**Action item:** The required output is the stretch from the line containing "- Setiap pantulan" through the line containing "- Measure the" in the records below, unaltered and with no pictures.

**Provided records:**
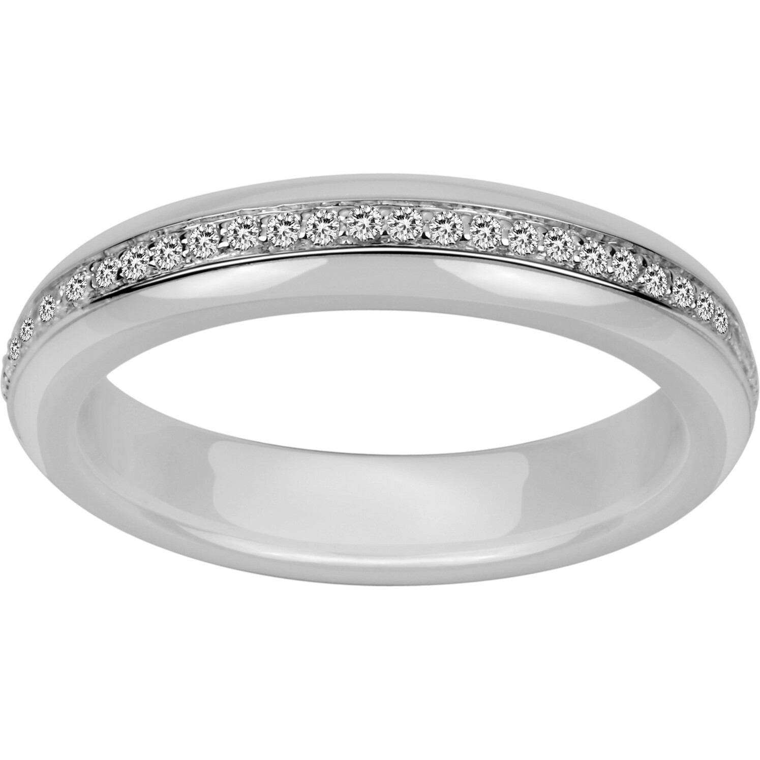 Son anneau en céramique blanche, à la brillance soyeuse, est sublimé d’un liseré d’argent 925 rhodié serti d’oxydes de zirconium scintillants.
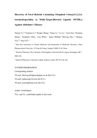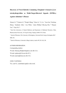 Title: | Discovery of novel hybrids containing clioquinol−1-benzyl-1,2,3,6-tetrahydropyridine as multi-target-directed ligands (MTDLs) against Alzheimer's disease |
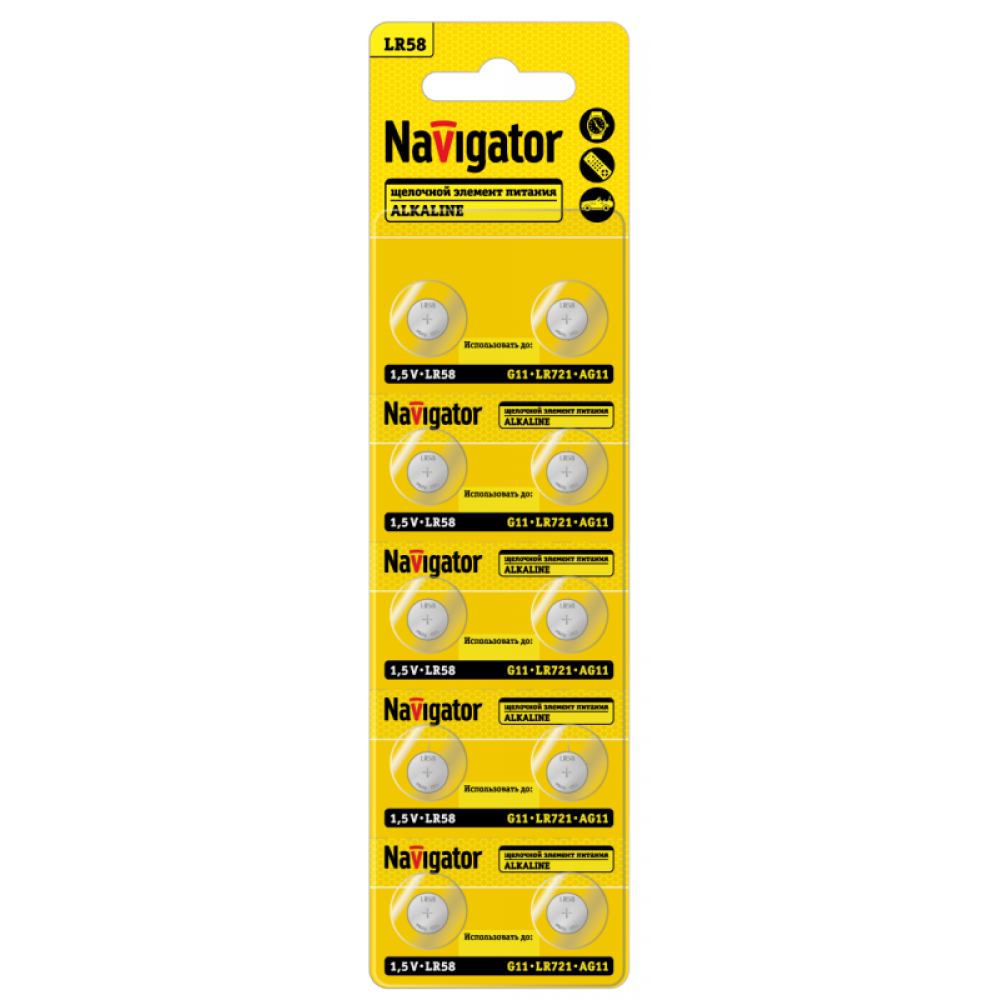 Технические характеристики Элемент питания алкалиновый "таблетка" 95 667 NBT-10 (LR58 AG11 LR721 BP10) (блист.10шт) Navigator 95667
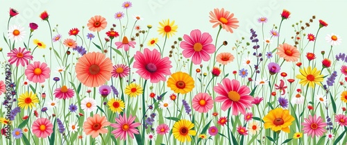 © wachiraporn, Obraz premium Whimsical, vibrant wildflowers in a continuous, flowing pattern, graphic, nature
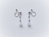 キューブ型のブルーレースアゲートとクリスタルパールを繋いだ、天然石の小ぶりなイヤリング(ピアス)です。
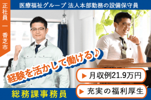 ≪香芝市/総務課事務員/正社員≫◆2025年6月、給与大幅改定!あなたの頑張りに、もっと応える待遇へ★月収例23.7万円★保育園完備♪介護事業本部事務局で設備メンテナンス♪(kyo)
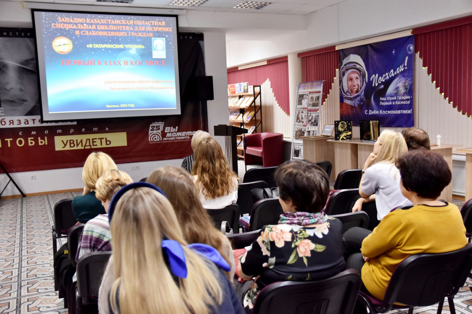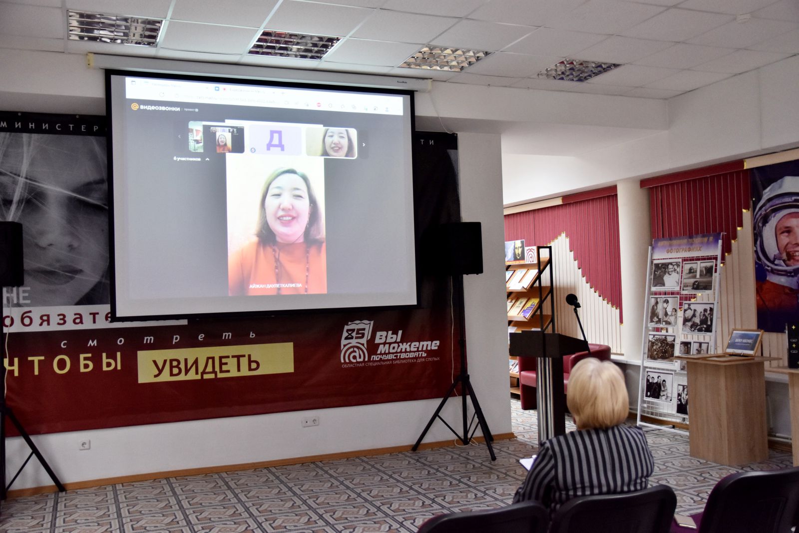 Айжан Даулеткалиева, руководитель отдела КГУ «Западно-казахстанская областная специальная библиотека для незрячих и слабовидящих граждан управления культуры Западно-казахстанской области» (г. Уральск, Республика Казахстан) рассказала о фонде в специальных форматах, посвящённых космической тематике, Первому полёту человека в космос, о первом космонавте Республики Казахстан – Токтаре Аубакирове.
==
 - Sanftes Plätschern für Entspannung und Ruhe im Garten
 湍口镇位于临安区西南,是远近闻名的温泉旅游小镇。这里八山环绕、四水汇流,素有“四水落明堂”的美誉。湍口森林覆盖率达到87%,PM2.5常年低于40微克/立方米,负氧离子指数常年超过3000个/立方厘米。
* * *
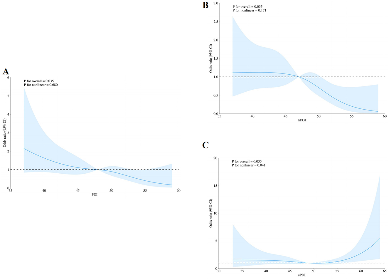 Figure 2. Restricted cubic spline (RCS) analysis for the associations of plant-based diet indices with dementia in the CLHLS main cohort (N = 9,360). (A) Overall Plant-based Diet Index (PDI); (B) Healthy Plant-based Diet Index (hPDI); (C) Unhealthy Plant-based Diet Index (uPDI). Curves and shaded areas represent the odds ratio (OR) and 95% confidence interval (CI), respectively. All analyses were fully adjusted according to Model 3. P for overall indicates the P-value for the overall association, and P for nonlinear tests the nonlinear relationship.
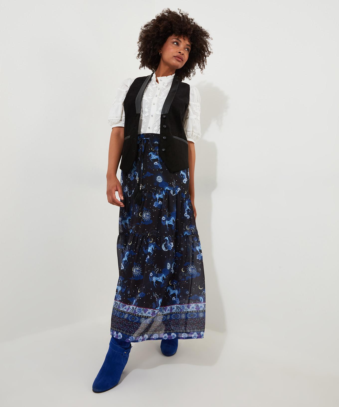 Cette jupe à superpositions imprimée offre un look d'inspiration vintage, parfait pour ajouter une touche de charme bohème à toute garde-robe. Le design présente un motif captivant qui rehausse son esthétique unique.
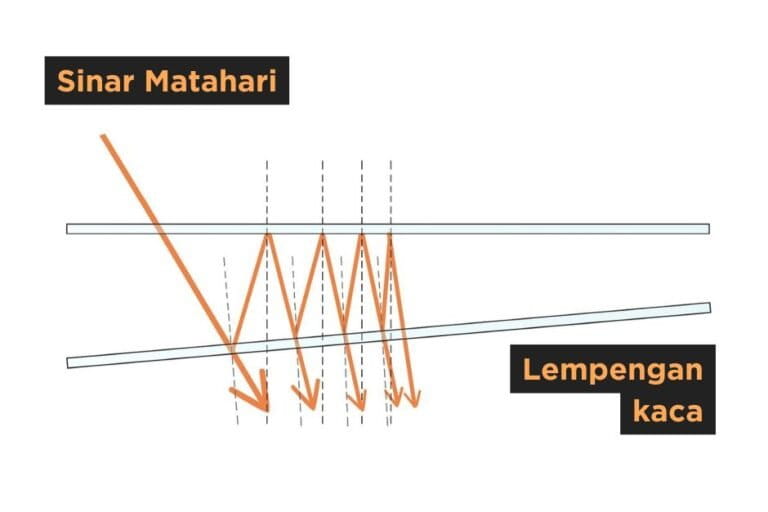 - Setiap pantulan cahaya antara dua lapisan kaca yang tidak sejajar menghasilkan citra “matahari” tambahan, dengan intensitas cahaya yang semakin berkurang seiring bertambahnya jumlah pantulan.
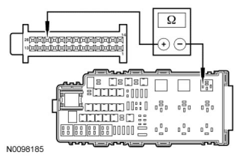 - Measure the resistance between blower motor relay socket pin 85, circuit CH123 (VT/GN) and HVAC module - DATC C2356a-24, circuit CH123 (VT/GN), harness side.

**Exercise result:**
 - Setiap pantulan cahaya antara dua lapisan kaca yang tidak sejajar menghasilkan citra “matahari” tambahan, dengan intensitas cahaya yang semakin berkurang seiring bertambahnya jumlah pantulan.
 - Measure the resistance between blower motor relay socket pin 85, circuit CH123 (VT/GN) and HVAC module - DATC C2356a-24, circuit CH123 (VT/GN), harness side.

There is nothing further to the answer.